Repeat the stretch of entries below from the line with "6 - كلاب ..." through the line with "В энергосистеме одного из дата-центров". Include both ends and add nothing.

+++ Input data

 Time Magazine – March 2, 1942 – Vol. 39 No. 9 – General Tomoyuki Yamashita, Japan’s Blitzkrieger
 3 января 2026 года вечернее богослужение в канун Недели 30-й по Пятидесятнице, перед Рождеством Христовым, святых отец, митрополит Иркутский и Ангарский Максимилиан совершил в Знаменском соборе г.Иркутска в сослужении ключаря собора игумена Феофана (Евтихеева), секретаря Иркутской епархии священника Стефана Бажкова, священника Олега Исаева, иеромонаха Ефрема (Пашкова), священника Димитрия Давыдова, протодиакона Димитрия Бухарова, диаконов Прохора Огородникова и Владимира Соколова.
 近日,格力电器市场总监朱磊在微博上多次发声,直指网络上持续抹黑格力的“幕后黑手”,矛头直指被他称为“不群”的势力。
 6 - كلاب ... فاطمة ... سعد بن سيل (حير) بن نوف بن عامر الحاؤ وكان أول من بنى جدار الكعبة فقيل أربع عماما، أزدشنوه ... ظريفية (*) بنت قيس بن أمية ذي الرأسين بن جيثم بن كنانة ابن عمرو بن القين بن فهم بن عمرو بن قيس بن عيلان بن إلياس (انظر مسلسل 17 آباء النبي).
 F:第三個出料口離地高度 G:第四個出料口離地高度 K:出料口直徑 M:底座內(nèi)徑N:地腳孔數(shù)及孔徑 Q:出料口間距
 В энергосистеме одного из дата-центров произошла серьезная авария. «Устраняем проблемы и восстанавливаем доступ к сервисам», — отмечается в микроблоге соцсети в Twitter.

++++++
+++ Input data

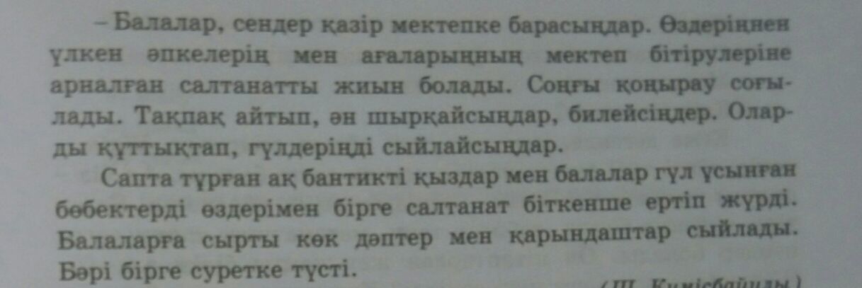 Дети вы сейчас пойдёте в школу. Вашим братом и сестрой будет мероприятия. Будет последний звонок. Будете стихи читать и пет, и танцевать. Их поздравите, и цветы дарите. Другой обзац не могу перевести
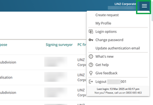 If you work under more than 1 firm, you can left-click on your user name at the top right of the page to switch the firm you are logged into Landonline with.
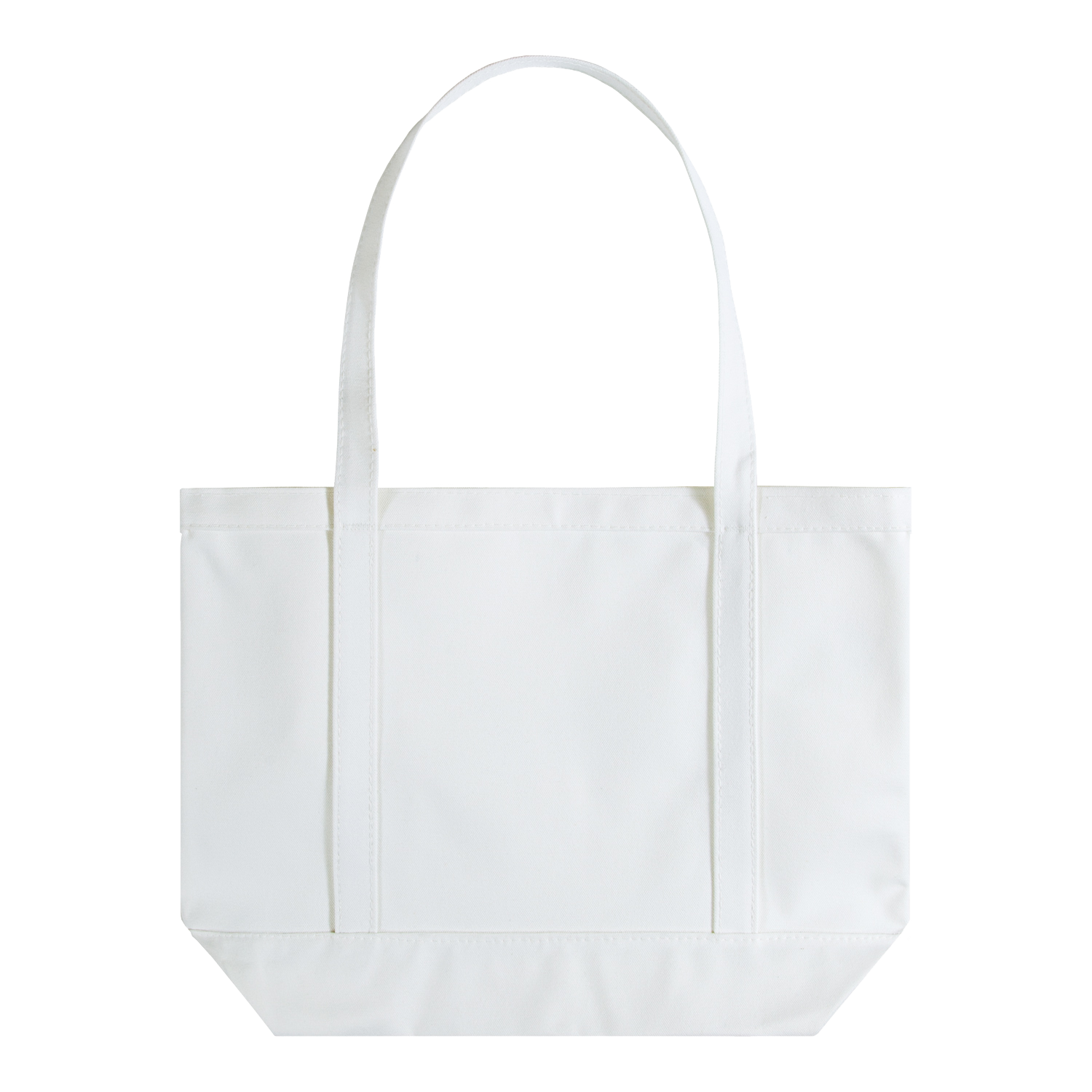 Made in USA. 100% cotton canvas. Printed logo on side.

++++++
+++ Input data

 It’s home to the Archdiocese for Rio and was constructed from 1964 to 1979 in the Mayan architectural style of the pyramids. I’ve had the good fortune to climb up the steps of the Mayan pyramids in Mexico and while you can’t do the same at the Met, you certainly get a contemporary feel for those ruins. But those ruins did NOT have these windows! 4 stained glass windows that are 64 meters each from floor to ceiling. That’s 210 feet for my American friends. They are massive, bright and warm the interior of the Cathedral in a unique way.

++++++

- Answer to this exercise -
 6 - كلاب ... فاطمة ... سعد بن سيل (حير) بن نوف بن عامر الحاؤ وكان أول من بنى جدار الكعبة فقيل أربع عماما، أزدشنوه ... ظريفية (*) بنت قيس بن أمية ذي الرأسين بن جيثم بن كنانة ابن عمرو بن القين بن فهم بن عمرو بن قيس بن عيلان بن إلياس (انظر مسلسل 17 آباء النبي).
 F:第三個出料口離地高度 G:第四個出料口離地高度 K:出料口直徑 M:底座內(nèi)徑N:地腳孔數(shù)及孔徑 Q:出料口間距
 В энергосистеме одного из дата-центров произошла серьезная авария. «Устраняем проблемы и восстанавливаем доступ к сервисам», — отмечается в микроблоге соцсети в Twitter.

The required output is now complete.